Kafaların karışık, gönüllerin bulanık, bakışların şaşı olduğu bir zaman diliminde yaşıyoruz. Bundan çok değil çeyrek asır önce cami kürsülerinde cemaate, "zaman sana uymuyorsa sen zamana uy" sözünün tehlikeleri anlatılır, Müslümanlığın kıvamının, zamanın gidişatına, yani "dünyevîleşmeye" direnmekle kaim olduğu vurgulanırdı.
Geçmiş peygamberlerin kavimlerin ortak hikayesini teşkil eden kadim arızanın âhir zamandaki müradifi olan "dünyevîleşme" illetine karşı, kökü derinlere giden bir tavırla direnç gösterirdi müslüman toplumumuz. "Eski köye" getirilmek istenen "yeni âdet"lere karşı, özellikle de "gâvur icadı" şeylerse, refleksif de olsa tutum alır, böyle şeyleri hayatımıza sokmamak için özel bir hassasiyet gösterirdik.
Şimdilerde "zaman sana uymuyorsa, sen zamana uy" sözünün anlattığı mazmunu, "çağı yakalama" , "global düşünme" , "dünyayla bütünleşme" ... gibi -bir yanı mutlaka ekonomiye bakan- cezbedici cümleler eşliğinde "hal" olarak yaşıyoruz.

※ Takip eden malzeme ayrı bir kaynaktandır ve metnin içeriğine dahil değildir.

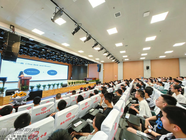 在當天的活動中,廣東廣播電視臺首席記者、廣東衛(wèi)視《絲路匯客廳》欄目制片人謝一菲受邀作《“一帶一路”故事讓世界聽到中國、看見中國、愛上中國》主題演講,分享她和團隊歷時6年創(chuàng)作的《我們走在絲路上》。6年間,她和團隊走訪了國內外70多個城市,尋訪200多組人物,將42個精彩故事匯編成書。演講中,她結合自身經歷,通過視頻、故事、圖片等形式,生動講述書中故事,并以互動問答的方式,結合時事熱點向學生們普及“一帶一路”知識。

Genellikle Tanzimat'la başlatılan, ama fiilen Cumhuriyet'le hayata geçirilen modernleşme maceramız, geldiğimiz noktada Tanzimat aydınlarına dahi parmak ısırtacak raddeye ulaşmış bulunuyor. En "muhafazakar" bilinen kimse ve kesimlerde dahi bin yılı aşan müktesebata "yukarıdan", ya da daha doğrusu "dışarıdan" bakma tavrı hakim; artık yeni bir kimliğimiz, yeni bir vizyonumuz, yeni bir Din ve dünya algımız var.